The Toronto Convention 2003

by Robert Bruce

It was Thursday. The Convention had not officially begun. Yet you knew all was going to be well as soon as you set foot in the library reading room which was being used for registration for the 2003 ‘Right Ho Toronto’ Convention of The Wodehouse Society. You had to pass through the main entrance of the library of St Michael’s College, appropriately known as ‘St Mike’s’, to get there. One librarian was watching in some bemusement as Wodehouse enthusiasts walked by. ‘Who are these people?’, he asked a colleague. The senior librarian duly told him. And then he said: ‘Do you know what to say to them?’. His colleague still looked nonplussed. ‘You just say “What Ho!”’, said the librarian. It was obvious that the convention was on home territory.

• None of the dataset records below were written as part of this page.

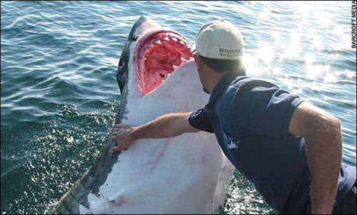 △補充資料:如果發現大白鯊,絕對不要想慌張逃走或不理牠,你必須隨時注意牠,如果要對付大白鯊,你只需要一根長鐵棍就可以了,以防牠太靠近你,記得,鐵棍不是打牠而是『戳ㄔㄨㄛ牠』,大白鯊只要一被戳到,就會知道你是有攻擊性的獵物而退去,盡量不要用拳頭打牠或用刀刺牠,不要用拳頭的原因,因為牠皮膚過於粗糙,容易割傷拳頭,而用刀刺牠,牠很容易在血中抓狂,就算真的退去,流出來的血會引來更多鯊魚,最後更多麻煩,就算手無寸鐵或被牠咬住,別讓牠咬住手,這樣才能攻擊牠的眼睛和鰓,這兩都是鯊魚的弱點,可以讓鯊魚早點放開你,逃命時請盡快游到岸上,但也請注意鯊魚,如果被鯊魚圍繞時一定要注意著牠,甚至你自動慢慢朝向鯊魚前進,就連大白鯊都可能會害怕的想逃走,但請記住,『不可以冷靜保持不動』,不然一定會引起鯊魚攻擊。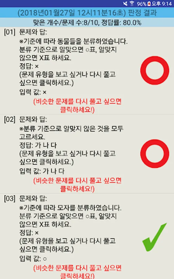 5. When you have completed the examination is automatically graded, the exercise information will be applied to the statistics.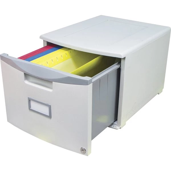Functional and lightweight, this filing drawer is the perfect storage solution for those in need of professional filing. The durable polypropylene construction allows this drawer to be stackable up to six units high for space-saving organization. Built-in label holder offers a convenient way to quickly identify your stored contents. Lockable drawers prevent unauthorized access to keep your files and documents safely contained. Plus, its durable design resists scratches, moisture and rust for long-lasting organization. 18" filing drawer is designed to hold letter-size or legal-size hanging file folders (sold separately).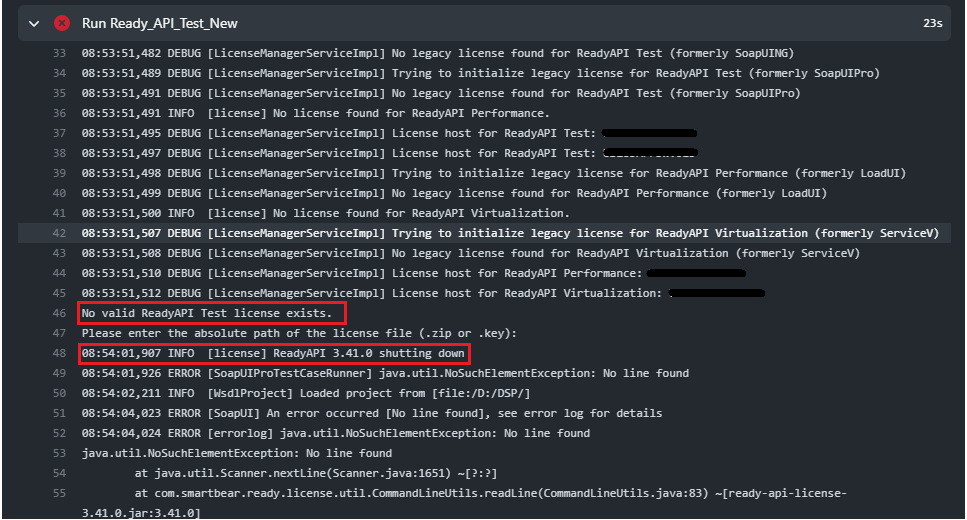 I just can confirm having a similar issue, but when starting ReadyAPI, it is often not being able to fetch the license and I have to go through the process of selecting the license again and only then it works. Not sure if it's related but I think there's a general issue with licensing.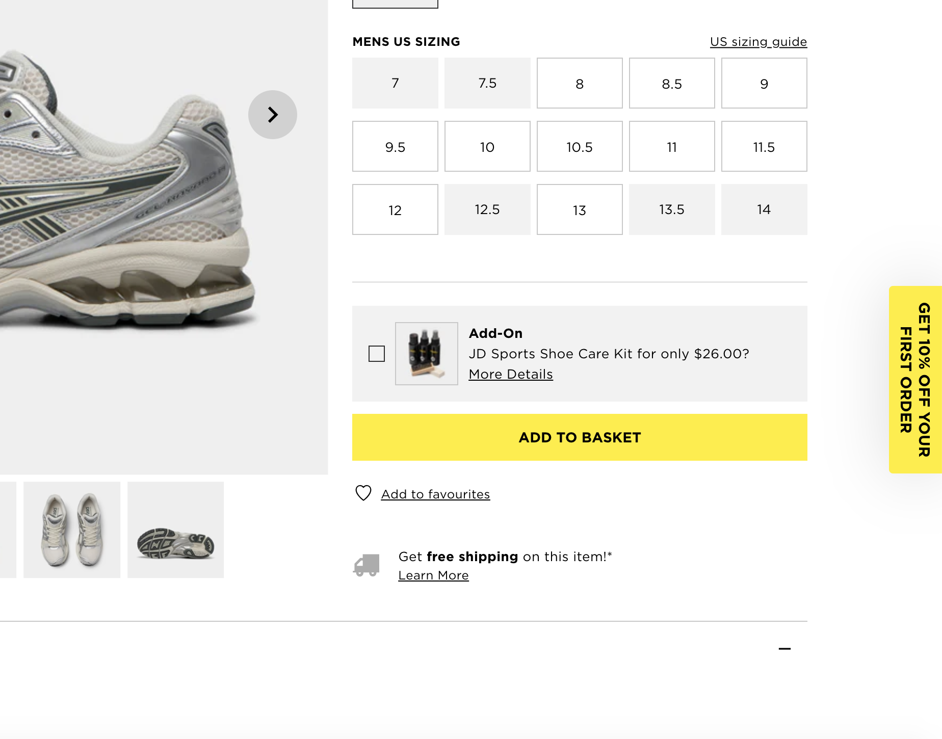 Shoe size selected w/ Add-on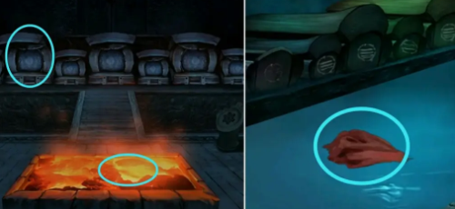 5、进入右侧墓室,打开第二口棺材取出长棍和一段破衣。然后到左侧墓室把衣服放进水池,用长棍缠绕后返回右侧墓室,从火池中获得蓝色钥匙。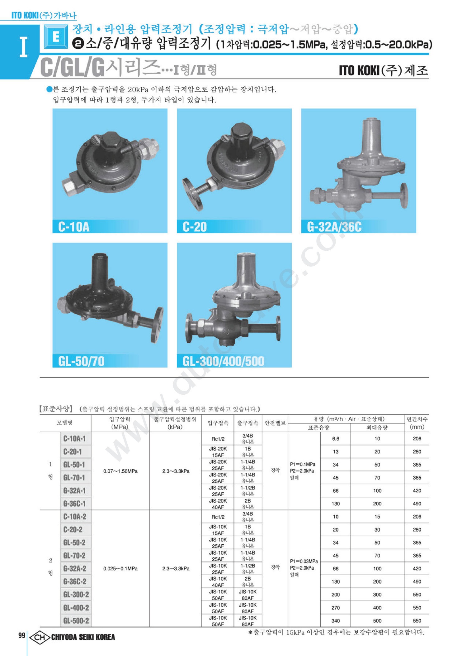 C, GL, G½Ã¸®Áî, ÀÔ±¸¾Ð·Â:0.025~1.5MPa, Ãⱸ¾Ð·Â: 0.5~20kPa, ITO KOKI
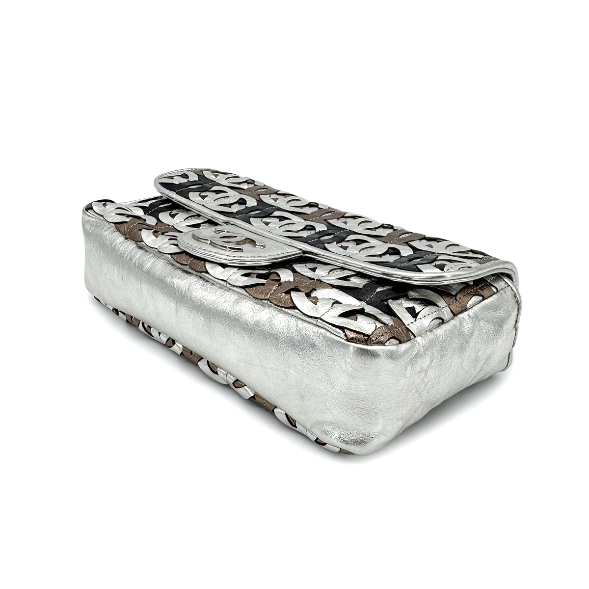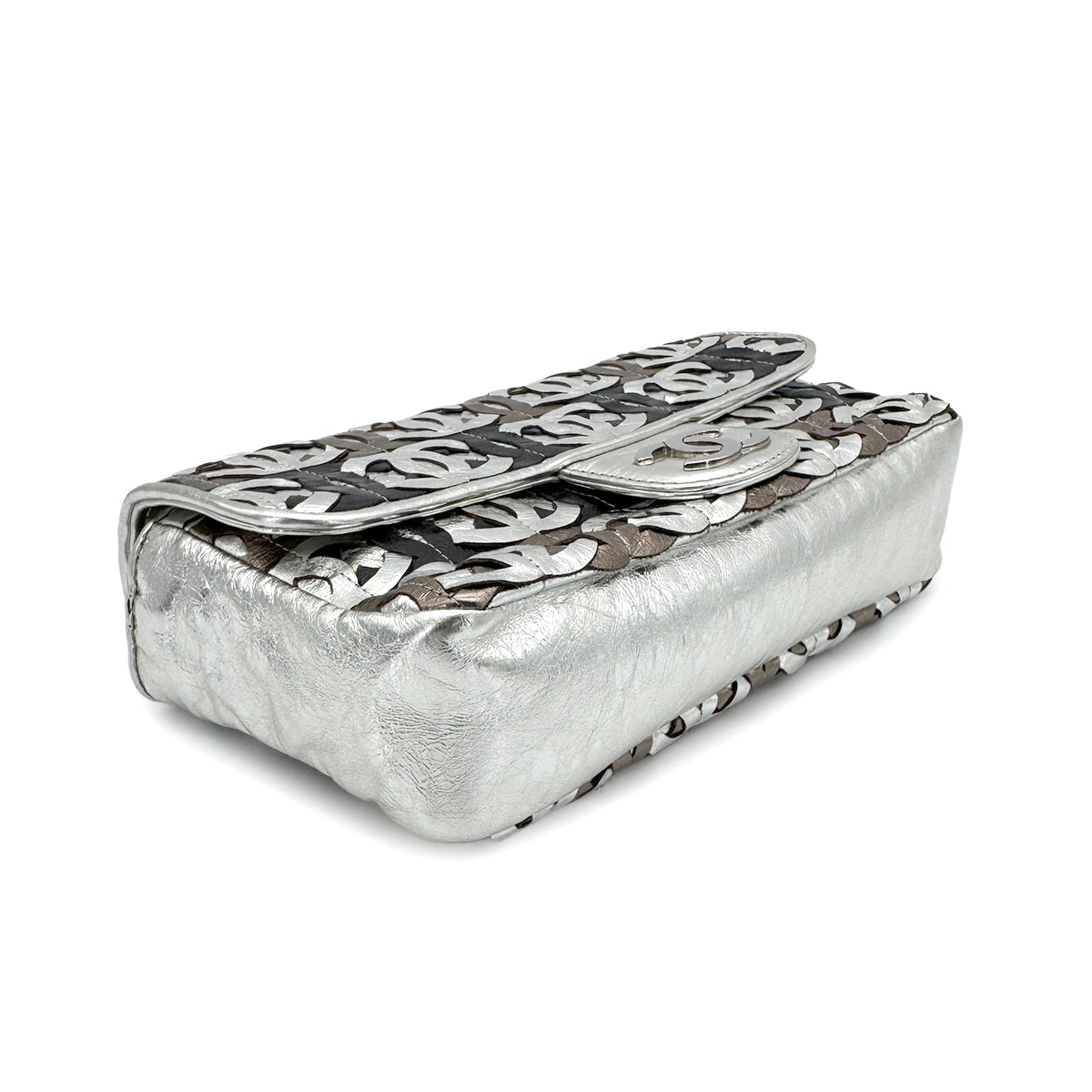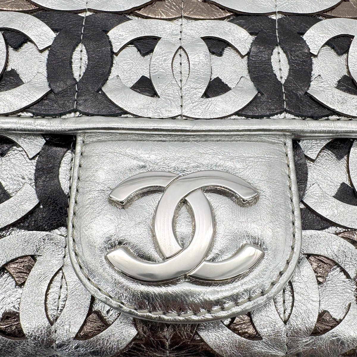 CHANEL VINTAGE CC PATCHWORK CHAIN SHOULDER BAG METALICSILVER LEATHER 90269625

This was confirmed by an evening in the bar at the local Windsor Arms Hotel, where old friendships were renewed, new ones made, and people made bids to be known as: ‘A large Gin and Tonic in the corner’.

Next morning was the start of the Convention. So it also dawned as the day of the great cricket match. This is traditionally the point at the convention where American Wodehouse enthusiasts gain a smidgen, or more, of what it is like to experience the playing of the game which meant so much to the great man. And as the game progressed a sub-plot emerged which would have sat happily in one of his books.

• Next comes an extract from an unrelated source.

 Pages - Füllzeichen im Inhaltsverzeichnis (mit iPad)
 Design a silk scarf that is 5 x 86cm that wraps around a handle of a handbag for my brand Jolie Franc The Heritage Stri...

Tony Ring, UK Society committee member, honorary umpire and explainer of the rules for the occasion, was leading the gaggle of would-be cricketers onto the site of the hallowed turf of the day at Trinity College. We had found the field, a very pleasant meadow at the back of the college in the heart of Toronto, but had not found any other facilities. A chap wearing jeans and a shirt emblazoned with the word ‘janitor’ came past. He provided the answers required and then responded with a question about what the assembled hordes were up to. Ring told him that the mighty game of cricket was about to be played. The chap showed some interest and Ring invited him to play. It turned out that he was a Fellow of the college and also, at another college, a Professor of Canadian Theological History. This was undoubtedly going to add a bit of extra local colour to the event.

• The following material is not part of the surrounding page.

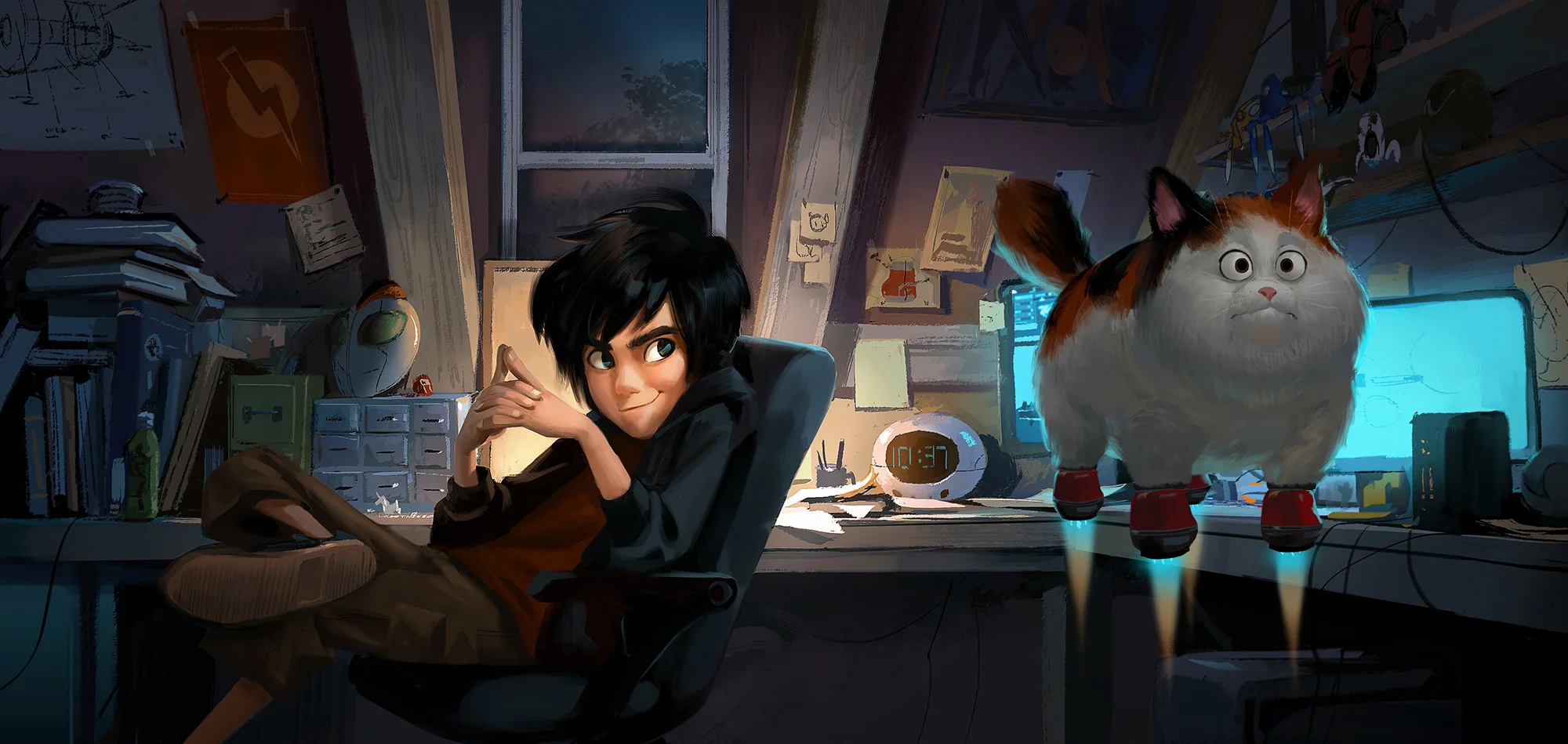 Rocket Cat was the best thing that didn't make it into the final cut of Disney's Big Hero 6. Before the movie hit the big screen it went through a lot of different changes. One of the characters that the creative team were looking to include early on in the development process was Rocket Cat. Even though everyone on the team loved it, and the cat would have been a great character, they just couldn't really fit it into the story, so they let it go. But above you'll find a piece of concept art that was created by Mingjue Helen Chen featuring Rocket Cat in action.

There was a brief hiatus when it was realised that no one had brought any bails. Pencils sufficed, and batsmen were down to one pad each. The May Queens batted first with Bill Franklin taking a stylish single off the first ball. Then the game settled into its traditional pattern of ‘wides’ being the strongest scorer. Jean Tillson took great delight in bowling Franklin. She let out a great shout of: ‘That’s for you, Murray’. The veteran cricket-writer and Wodehousean, Murray Hedgcock, who has also been a great mentor of The Wodehouse Society in its cricketing attempts, was not present. But he doubtless felt a slight tremor run through the air as he raised a cup of tea to his lips on the other side of the Atlantic at his Richmond home in London.

Then came the sub-plot. Out strode Bill Westfall, the Canadian professor, and took everyone aback with a brisk request for ‘two legs’ as he took guard. He failed to score off his first two balls and then swivelled on his back foot and hit the ball high into the college where it safely bounced off a window for six. He then hit four, six, four, all resoundingly off his legs into the college façade and amongst startled spectators. ‘Have you, er, played this game before?’, someone asked. It turned out that as a junior he had represented Canada and had, in his time, sat in the Long Room at Lord’s. The Green Swizzles team started muttering about ringers. But Westfall immediately fell foul of the ‘compulsory retirement on a score of twenty’ rule employed in these matches.

Thereafter the innings fell away. Curtis Armstrong, for all his Hollywood prowess, spent a long time compiling a duck and with military precision Major Tom Smith compiled three. Sarah Conrad bowled her mother and later in the day was presented with the award for the most accurate bowling. The May Queens’ final total was 78, with 16 being extras.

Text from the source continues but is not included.